[TRY IT] Copy the listing exactly. Omit nothing.

[DATA SHOWN]
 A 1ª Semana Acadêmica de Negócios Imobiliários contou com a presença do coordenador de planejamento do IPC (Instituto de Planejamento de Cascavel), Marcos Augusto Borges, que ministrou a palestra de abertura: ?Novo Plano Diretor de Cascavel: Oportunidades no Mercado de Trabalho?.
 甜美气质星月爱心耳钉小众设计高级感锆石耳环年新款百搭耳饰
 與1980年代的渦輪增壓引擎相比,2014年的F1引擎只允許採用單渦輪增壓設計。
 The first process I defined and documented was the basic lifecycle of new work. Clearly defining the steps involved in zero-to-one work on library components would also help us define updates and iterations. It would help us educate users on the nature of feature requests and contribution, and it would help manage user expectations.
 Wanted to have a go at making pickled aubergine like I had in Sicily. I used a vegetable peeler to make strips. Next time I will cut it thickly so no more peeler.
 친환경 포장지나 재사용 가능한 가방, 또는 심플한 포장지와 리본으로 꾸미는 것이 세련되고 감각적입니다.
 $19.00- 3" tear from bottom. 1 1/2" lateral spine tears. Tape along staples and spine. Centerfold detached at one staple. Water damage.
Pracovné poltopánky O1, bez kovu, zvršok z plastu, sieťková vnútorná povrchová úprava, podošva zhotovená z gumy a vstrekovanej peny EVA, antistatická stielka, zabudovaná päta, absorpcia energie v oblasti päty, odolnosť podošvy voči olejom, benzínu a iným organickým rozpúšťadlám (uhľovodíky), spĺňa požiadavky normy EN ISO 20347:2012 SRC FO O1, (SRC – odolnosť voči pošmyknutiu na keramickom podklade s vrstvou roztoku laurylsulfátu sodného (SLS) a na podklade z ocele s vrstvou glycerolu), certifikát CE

[RESULT BELOW]
 A 1ª Semana Acadêmica de Negócios Imobiliários contou com a presença do coordenador de planejamento do IPC (Instituto de Planejamento de Cascavel), Marcos Augusto Borges, que ministrou a palestra de abertura: ?Novo Plano Diretor de Cascavel: Oportunidades no Mercado de Trabalho?.
 甜美气质星月爱心耳钉小众设计高级感锆石耳环年新款百搭耳饰
 與1980年代的渦輪增壓引擎相比,2014年的F1引擎只允許採用單渦輪增壓設計。
 The first process I defined and documented was the basic lifecycle of new work. Clearly defining the steps involved in zero-to-one work on library components would also help us define updates and iterations. It would help us educate users on the nature of feature requests and contribution, and it would help manage user expectations.
 Wanted to have a go at making pickled aubergine like I had in Sicily. I used a vegetable peeler to make strips. Next time I will cut it thickly so no more peeler.
 친환경 포장지나 재사용 가능한 가방, 또는 심플한 포장지와 리본으로 꾸미는 것이 세련되고 감각적입니다.
 $19.00- 3" tear from bottom. 1 1/2" lateral spine tears. Tape along staples and spine. Centerfold detached at one staple. Water damage.
Pracovné poltopánky O1, bez kovu, zvršok z plastu, sieťková vnútorná povrchová úprava, podošva zhotovená z gumy a vstrekovanej peny EVA, antistatická stielka, zabudovaná päta, absorpcia energie v oblasti päty, odolnosť podošvy voči olejom, benzínu a iným organickým rozpúšťadlám (uhľovodíky), spĺňa požiadavky normy EN ISO 20347:2012 SRC FO O1, (SRC – odolnosť voči pošmyknutiu na keramickom podklade s vrstvou roztoku laurylsulfátu sodného (SLS) a na podklade z ocele s vrstvou glycerolu), certifikát CE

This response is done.